Набат усиливался. Слышался барабанный бой. Все ближе и ближе.
– У Красного крыльца уж… Подымаются…
Это были стрельцы. Снова гурьбой вошли они во дворец и рассыпались в нем, как гончие. Теперь уже верховодил Кирша, маленько во хмелю.
– Муха! И муху, братцы, дави: сказано, оборотни.
Кричат, ищут, стучат копьями в стены, тычут в перины.
Никого нет!
– Хоть бы те муха, братцы!
– Поймали! Поймали! – слышится из соседнего покоя.
– Кого? Ивашку Нарышкина?
– Не, Аверьяшку Кириллова, думного…
– Выводи дотла крапивное семя! Волоки сюда чернильную душу!
Притащили думного дьяка Аверьяна Кириллова. Дьяков особенно не терпели стрельцы.
– А! Гусиное перо! Чертово писало! Приказна строка! Много кляуз настрочил? Дави дьявола!
И несчастного тут же закалывают. Из церкви на Сенях вытаскивают бывшего своего полковника Дохтурова и приводят к трупу Аверьяна Кириллова.

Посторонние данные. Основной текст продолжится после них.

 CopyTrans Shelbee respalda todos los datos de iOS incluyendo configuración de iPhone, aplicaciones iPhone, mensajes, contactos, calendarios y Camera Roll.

– А, растакой сын! Вместе с Аверьяшкой ел наши кормы… Вот же тебе.
Убивают и этого. Но ни Ивана Нарышкина, ни немчина Данилки-дохтура никак не могут найти.
Добрались, наконец, до лекарской палаты, в которой помещалась придворная аптека, и где проживало семейство фон Гадена, имевшего, кроме того, свой дом в немецкой слободке. Здесь стрельцы увидели, что поиски их были не тщетны: в лекарской палате они нашли аптекаря и помощника Данилки-дохтура, иноземца Гутменша, а также жену Данилкину и его сына Михеля. Об участи фон Гадена ни жена его, ни сын не знали ничего. Они думали, что его уже нет на свете. Но вопросы стрельцов глубоко обрадовали их: они поняли, что он жив.

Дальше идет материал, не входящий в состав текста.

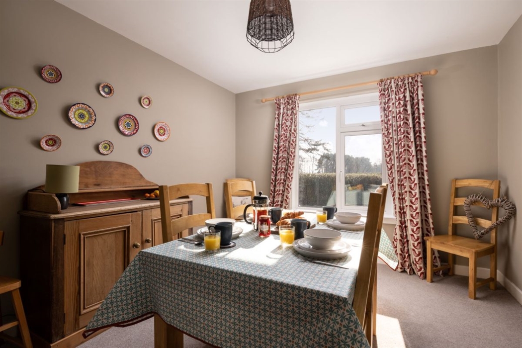Dining room with dining table and seating for 4 – lovely view over the fields to Duffus and beyond.

– Где злодей Данилка-дохтур? – спрашивал Кирша, занося бердыш над Гутменшем.
– Я не знаю, – был ответ.
– Сказывай, каким зельем он извел батюшку – государя Федора Алексеевича?
– Он не извел его: великий государь помре волею Божиею.
– Врешь! Вы с ним, с Данилкою, отравное зелье готовили.
– У нас отравного зелья нет, а есть токмо медикаменты: все рецепты занотованы в аптекарском юрнале.
– Цыц! Что ты собачим языком блекочешь! – закричали другие стрельцы.
– Он глаза отводит, аспид! – закричал Кирша. – Он мухой, поди, обернется,
– А за мухой не гоняться с обухом, вот же тебе!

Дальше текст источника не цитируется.